Crosby v. Bank of Niagara
This text of 154 N.Y.S. 883 (Crosby v. Bank of Niagara) is published on Counsel Stack Legal Research, covering New York Supreme Court primary law. Counsel Stack provides free access to over 12 million legal documents including statutes, case law, regulations, and constitutions.
Opinion
The complaint alleges that the plaintiff was on March 18, 1915, duly appointed receiver of the Niagara Chocolate Company, at which time the Chocolate Company had on deposit with the defendant the sum of $2,348.18; and that the plaintiff on April 27, 1915, duly demanded said moneys, and defendant refused to pay the same, and demands judgment for such sum.
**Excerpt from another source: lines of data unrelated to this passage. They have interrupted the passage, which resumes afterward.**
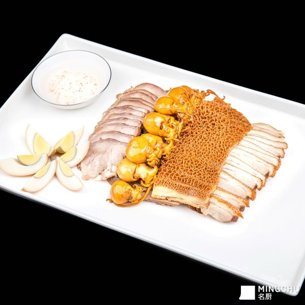 甄选上等猪舌、鲜嫩鸭脯肉、脆韧金钱肚、弹嫩小墨鱼,搭配卤香醇厚的卤蛋,以秘制老卤慢卤入味,让卤香层层浸透每寸食材。猪舌头紧实弹牙、胶原满满;鸭脯肉咸鲜适口、肉质细腻;金钱肚脆爽有嚼劲;小墨鱼Q弹鲜嫩;卤蛋沙糯香浓、蛋香四溢。摆盘精致考究,是宴请、聚餐的绝佳之选,一口尽享多重卤味层次,回味悠长。
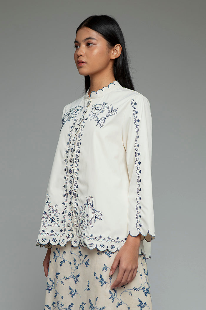 Delicate embroidery meets a boxy silhouette in this timeless long-sleeve shirt. Crafted for a modest-friendly fit, this top is the perfect pair to your favorite wide leg pants and pretty sandals.
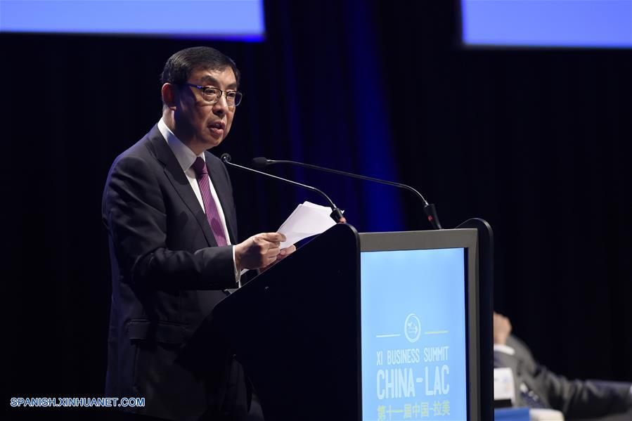 PUNTA DEL ESTE, diciembre 1, 2017 (Xinhua) -- El vicepresidente de la Conferencia Consultiva Política del Pueblo Chino, Ma Peihua, pronuncia su discurso durante la apertura de la XI Cumbre Empresarial China-LAC (Latinoamérica y Caribe) 2017, en el Centro de Convenciones de Punta del Este, Uruguay, el 1 de diciembre de 2017. El presidente de Uruguay, Tabaré Vázquez, afirmó el viernes en la apertura de la XI Cumbre Empresarial China-LAC (Latinoamérica y Caribe) 2017 en Punta del Este, que su país aspira a la firma en 2018 de un acuerdo de cooperación en varias áreas entre la CELAC y China. Vázquez se?aló que esta Cumbre que se desarrollará hasta el sábado en el balneario de Punta del Este, es una instancia preparatoria de la reunión ministerial de la Comunidad de Estados Latinoamericanos y Caribe?os (CELAC) y China de enero próximo en Santiago, Chile. En la apertura oficial de la XI Cumbre Empresarial China-LAC en el Centro de Convenciones de Punta del Este también participaron, además del presidente Vázquez, el vicepresidente de la Conferencia Consultiva Política del Pueblo Chino, Ma Peihua; y el vicepresidente del Consejo Chino para el Fomento del Comercio Internacional, Chen Zhou. (Xinhua/Nicolás Celaya)
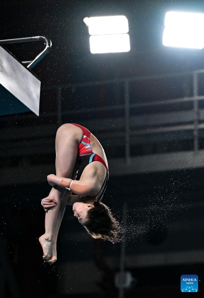 Chen Yuxi of China competes during the women's 10m platform final of diving at the World Aquatics Championships 2024 in Doha, Qatar, Feb. 5, 2024. (Xinhua/Xia Yifang)
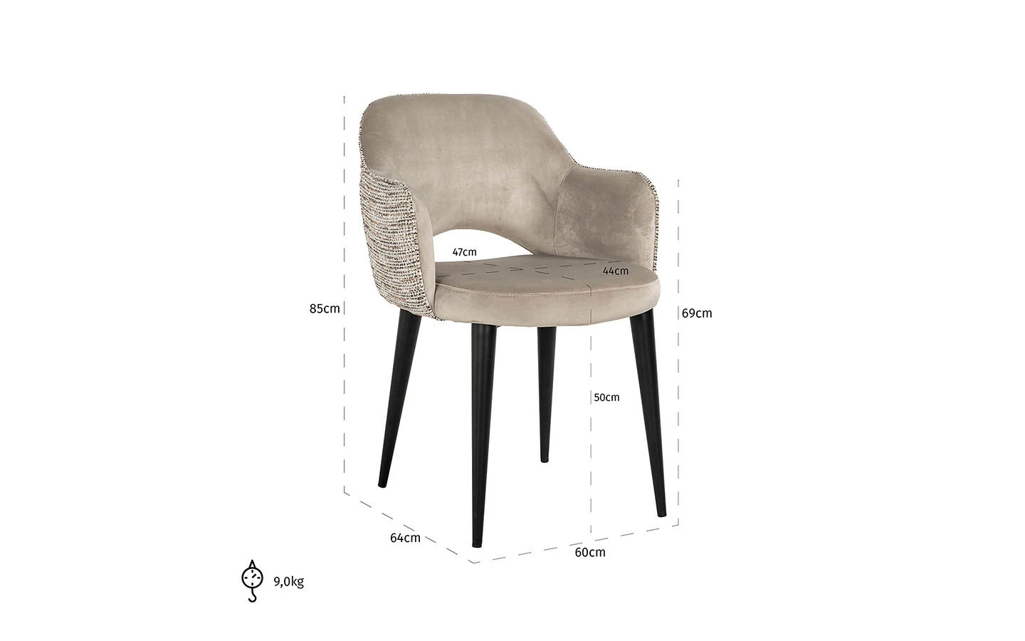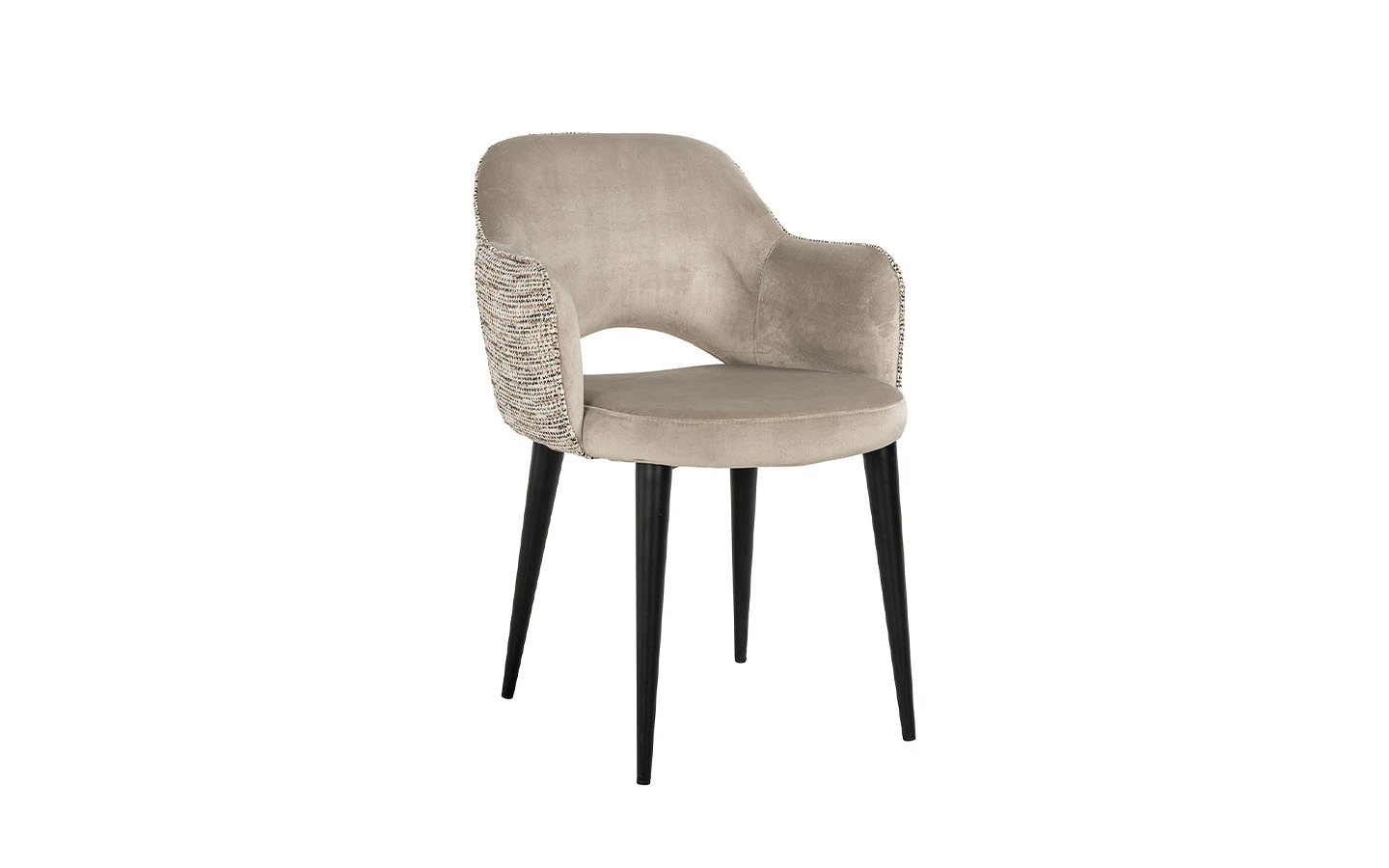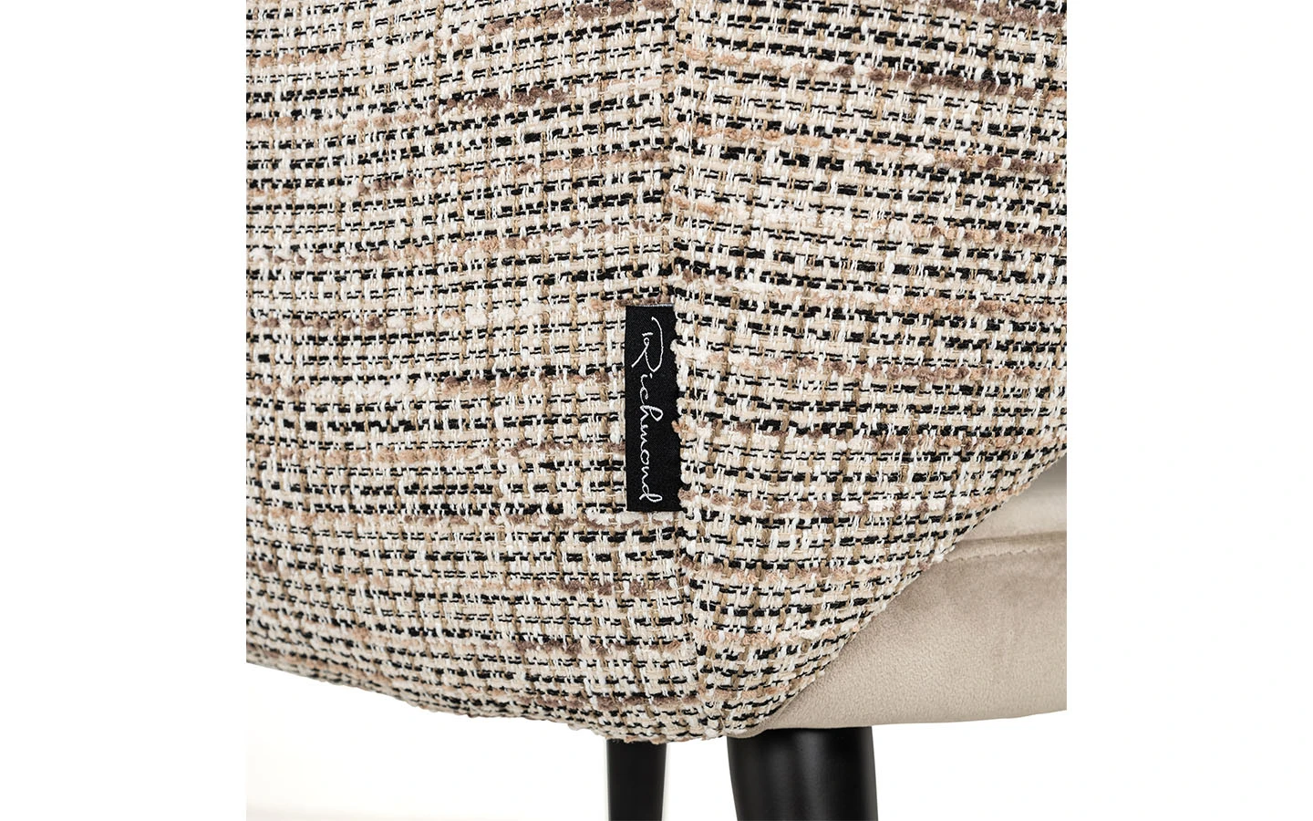 Столът GIOVANNA TRENDY NATURE от Richmond Interiors съчетава съвременна елегантност и комфорт. Характеризира се с удобна седалка и подлакътници за допълнителна релаксация. Вътрешната част е тапицирана с мек плат в цвят Quartz Khaki, а външната – с топъл тон Trendy Nature, което създава изискан контраст. Елегантните черни крака придават модерен акцент и осигуряват стабилност.

The answer alleges that ever since September, 1914, the defendant was the owner and holder of a promissory note for $10,000, made by the Chocolate Company, payable to the defendant on demand; that on March 19, 1915, there was due and unpaid thereon $9,500 and interest; that on March 19, 1915, defendant applied the moneys on deposit to the credit of the Chocolate Company the sum of $2,348.18 upon the said demand note, and charged the same to the account of the Chocolate Company, and demands judgment dismissing plaintiff’s complaint. To this answer plaintiff demurs, upon the ground that it does not state facts sufficient to constitute a defense.
The allegations of the answer, if true, constitute a perfect defense to plaintiff’s cause of action, and the plaintiff’s demurrer thereto must be overruled, with costs.